Data shown —

☆ ☆ ☆ ☆ ☆ ☆ ☆

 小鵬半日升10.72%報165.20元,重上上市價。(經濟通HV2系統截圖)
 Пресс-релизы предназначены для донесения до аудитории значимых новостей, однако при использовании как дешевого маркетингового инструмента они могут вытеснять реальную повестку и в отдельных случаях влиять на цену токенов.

☆ ☆ ☆ ☆ ☆ ☆ ☆

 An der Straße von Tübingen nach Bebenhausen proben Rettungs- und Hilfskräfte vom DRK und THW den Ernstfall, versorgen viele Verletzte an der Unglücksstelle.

☆ ☆ ☆ ☆ ☆ ☆ ☆

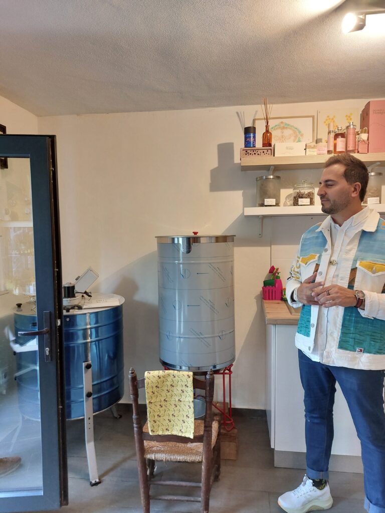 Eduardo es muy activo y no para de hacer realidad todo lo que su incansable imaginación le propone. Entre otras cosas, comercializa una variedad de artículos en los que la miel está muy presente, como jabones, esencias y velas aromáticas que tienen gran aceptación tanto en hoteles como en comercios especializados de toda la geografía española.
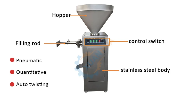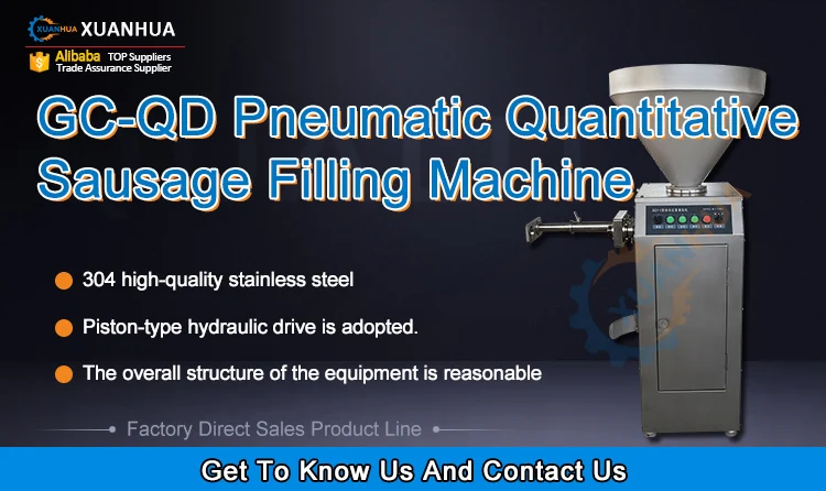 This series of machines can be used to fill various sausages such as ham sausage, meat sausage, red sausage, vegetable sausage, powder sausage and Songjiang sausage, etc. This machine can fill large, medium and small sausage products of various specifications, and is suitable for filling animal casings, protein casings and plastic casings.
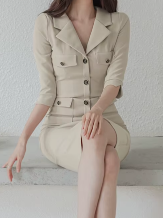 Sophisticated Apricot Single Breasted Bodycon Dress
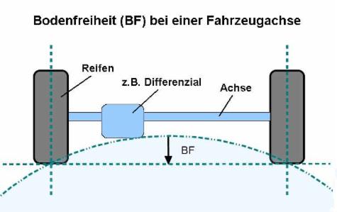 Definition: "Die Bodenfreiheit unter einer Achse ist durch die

☆ ☆ ☆ ☆ ☆ ☆ ☆

Reproducing the whole listing above is not the task. Copy exactly only the lines from the one with "小鵬半日升10.72%報165.20元,重上上市價。(經濟通HV2系統截圖)" to the one with "Пресс-релизы предназначены для", both kept.

Answer for the task —
 小鵬半日升10.72%報165.20元,重上上市價。(經濟通HV2系統截圖)
 Пресс-релизы предназначены для донесения до аудитории значимых новостей, однако при использовании как дешевого маркетингового инструмента они могут вытеснять реальную повестку и в отдельных случаях влиять на цену токенов.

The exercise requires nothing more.